Work request
Write out each record below exactly, without pictures.

--- Data excerpts ---

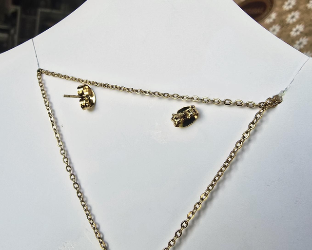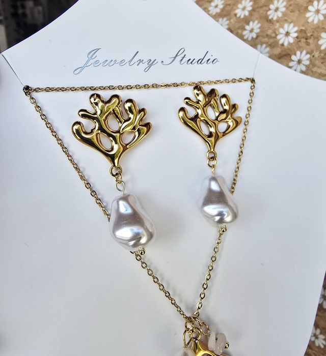 Long sautoir "Sariah" cordon en liège naturel fin, perles en céramique aux tons de bleu/gris et gros pendentif "coeur" creux
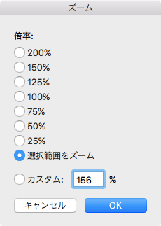 - [ズーム]ダイアログボックスにて[選択範囲をズーム]を選択して[OK]ボタンをクリックします。
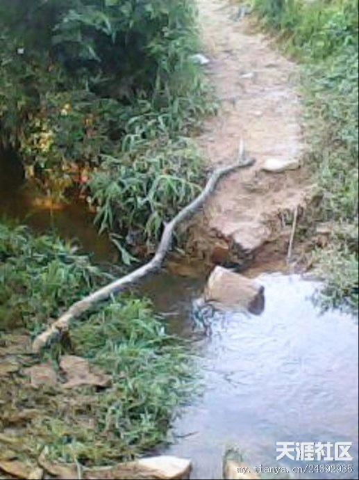 小河,目前是枯水期就靠这一根木条过河,很难跳过河的。
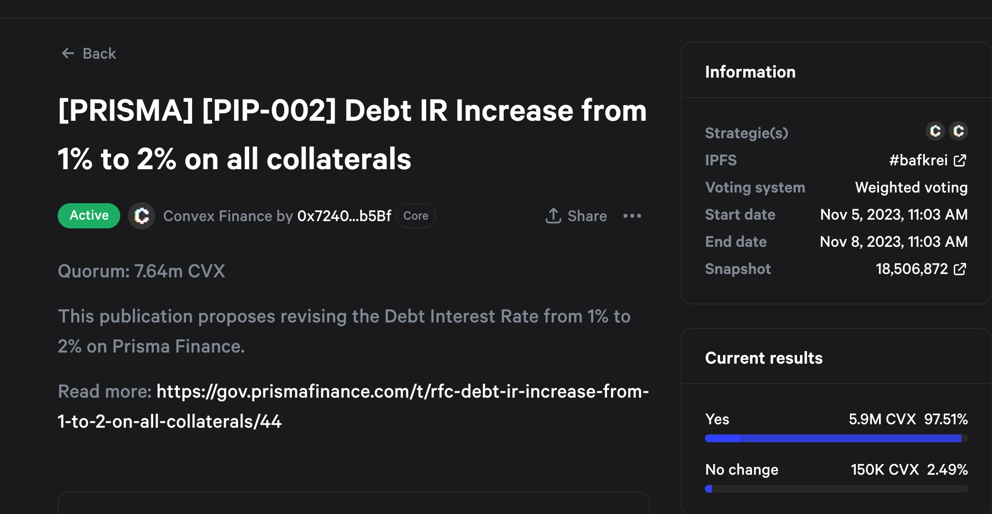 Here is tweet from @Tetranode showing what will be voted on for Prisma very soon. FEE SWITCH. Did I mention Prisma base fees were already voted on to be raised from 1% to 2%? Click here to view the post.
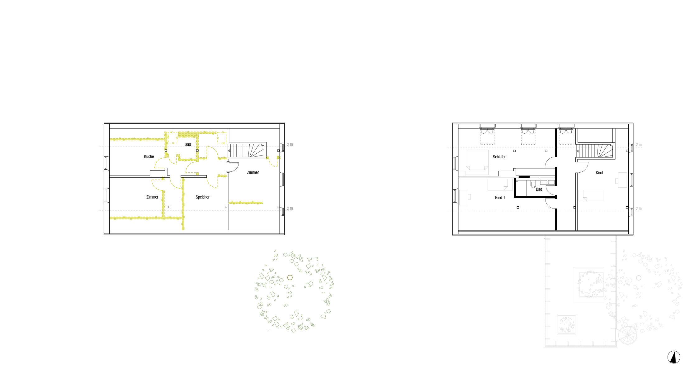Mit dem Anbau entsteht ein Ess- und Küchenbereich. Die Deckenhöhen sind differenziert. Im Zentralbereich beträgt die Raumhöhe 2,50 m und in den Randbereichen wie Küche, Sitzfenster, Fensterstürze, Sturz im Übergang zum Altbau reduziert sich diese auf 2,30 m.

---

Written solution
 Long sautoir "Sariah" cordon en liège naturel fin, perles en céramique aux tons de bleu/gris et gros pendentif "coeur" creux
 - [ズーム]ダイアログボックスにて[選択範囲をズーム]を選択して[OK]ボタンをクリックします。
 小河,目前是枯水期就靠这一根木条过河,很难跳过河的。
 Here is tweet from @Tetranode showing what will be voted on for Prisma very soon. FEE SWITCH. Did I mention Prisma base fees were already voted on to be raised from 1% to 2%? Click here to view the post.
Mit dem Anbau entsteht ein Ess- und Küchenbereich. Die Deckenhöhen sind differenziert. Im Zentralbereich beträgt die Raumhöhe 2,50 m und in den Randbereichen wie Küche, Sitzfenster, Fensterstürze, Sturz im Übergang zum Altbau reduziert sich diese auf 2,30 m.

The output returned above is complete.